● **TASK DIRECTIONS**
Your response should contain exactly the lines running from the one with "分别拿下了2022年第二十届" to the end of the data below, both included, and no pictures.

● **INFORMATION SUPPLIED**
▶

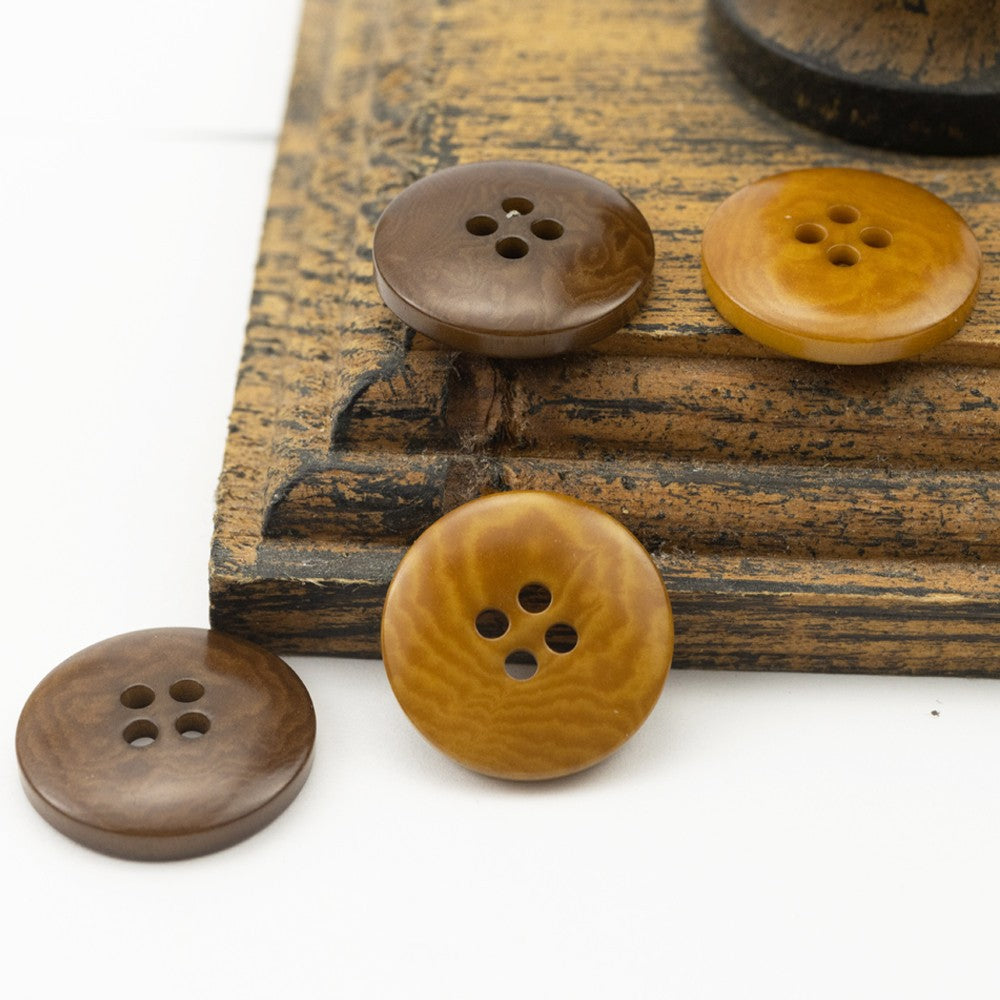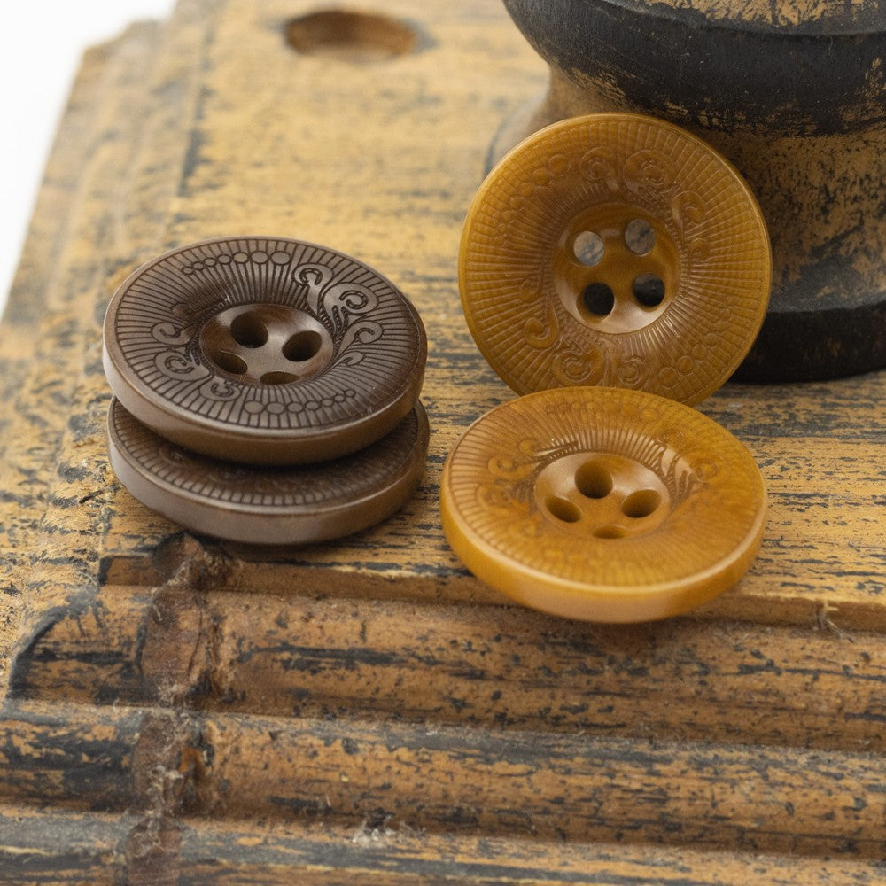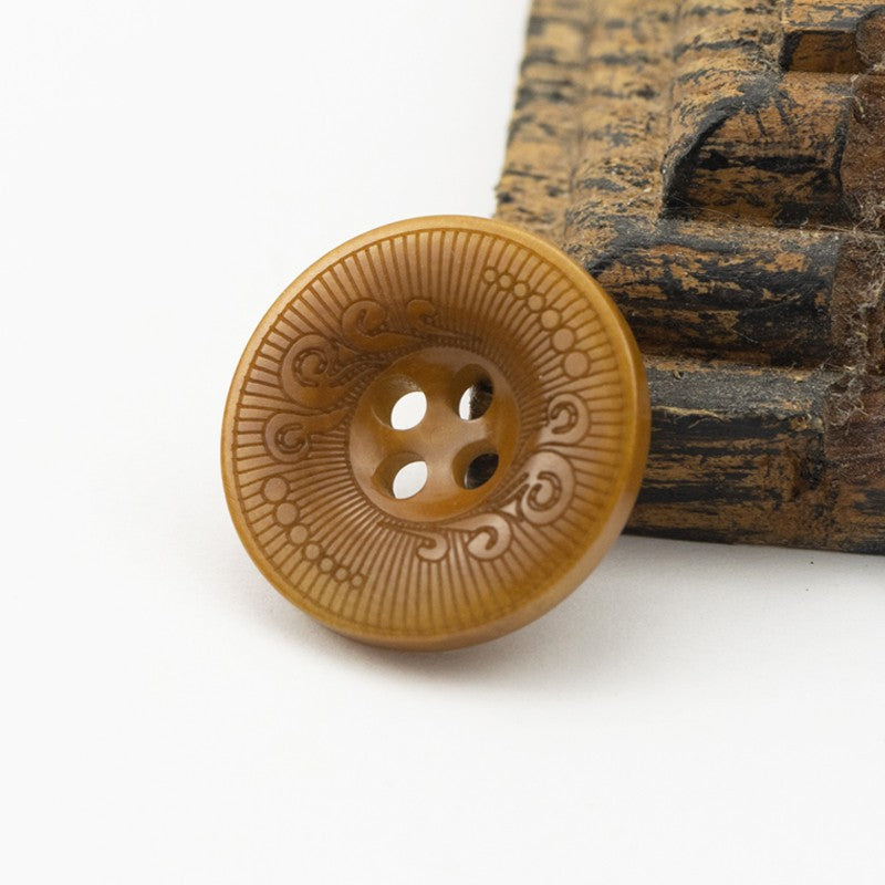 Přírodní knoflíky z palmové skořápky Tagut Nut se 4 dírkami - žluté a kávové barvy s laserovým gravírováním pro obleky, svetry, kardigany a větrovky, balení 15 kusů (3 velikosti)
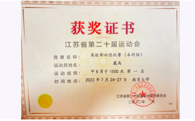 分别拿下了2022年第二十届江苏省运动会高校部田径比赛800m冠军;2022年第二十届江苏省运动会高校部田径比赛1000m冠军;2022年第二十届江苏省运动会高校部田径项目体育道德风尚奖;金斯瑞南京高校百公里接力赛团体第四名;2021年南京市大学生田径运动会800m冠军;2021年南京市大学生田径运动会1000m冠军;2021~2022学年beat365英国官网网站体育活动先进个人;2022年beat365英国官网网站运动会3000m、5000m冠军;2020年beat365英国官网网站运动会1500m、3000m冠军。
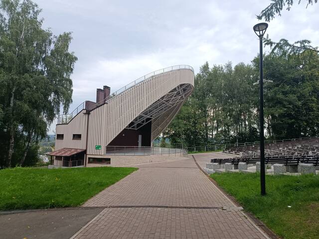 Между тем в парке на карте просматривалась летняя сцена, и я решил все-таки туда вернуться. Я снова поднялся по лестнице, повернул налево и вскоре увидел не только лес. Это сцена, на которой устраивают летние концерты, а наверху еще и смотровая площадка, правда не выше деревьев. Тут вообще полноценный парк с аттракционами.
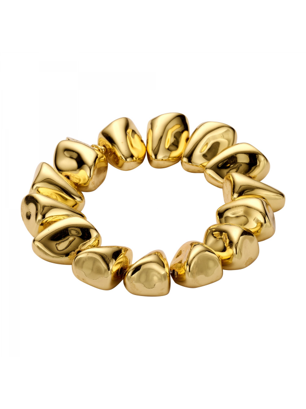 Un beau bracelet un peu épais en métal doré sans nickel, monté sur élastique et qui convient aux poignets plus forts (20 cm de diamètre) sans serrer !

◀

● **FINAL ANSWER**
 分别拿下了2022年第二十届江苏省运动会高校部田径比赛800m冠军;2022年第二十届江苏省运动会高校部田径比赛1000m冠军;2022年第二十届江苏省运动会高校部田径项目体育道德风尚奖;金斯瑞南京高校百公里接力赛团体第四名;2021年南京市大学生田径运动会800m冠军;2021年南京市大学生田径运动会1000m冠军;2021~2022学年beat365英国官网网站体育活动先进个人;2022年beat365英国官网网站运动会3000m、5000m冠军;2020年beat365英国官网网站运动会1500m、3000m冠军。
 Между тем в парке на карте просматривалась летняя сцена, и я решил все-таки туда вернуться. Я снова поднялся по лестнице, повернул налево и вскоре увидел не только лес. Это сцена, на которой устраивают летние концерты, а наверху еще и смотровая площадка, правда не выше деревьев. Тут вообще полноценный парк с аттракционами.
 Un beau bracelet un peu épais en métal doré sans nickel, monté sur élastique et qui convient aux poignets plus forts (20 cm de diamètre) sans serrer !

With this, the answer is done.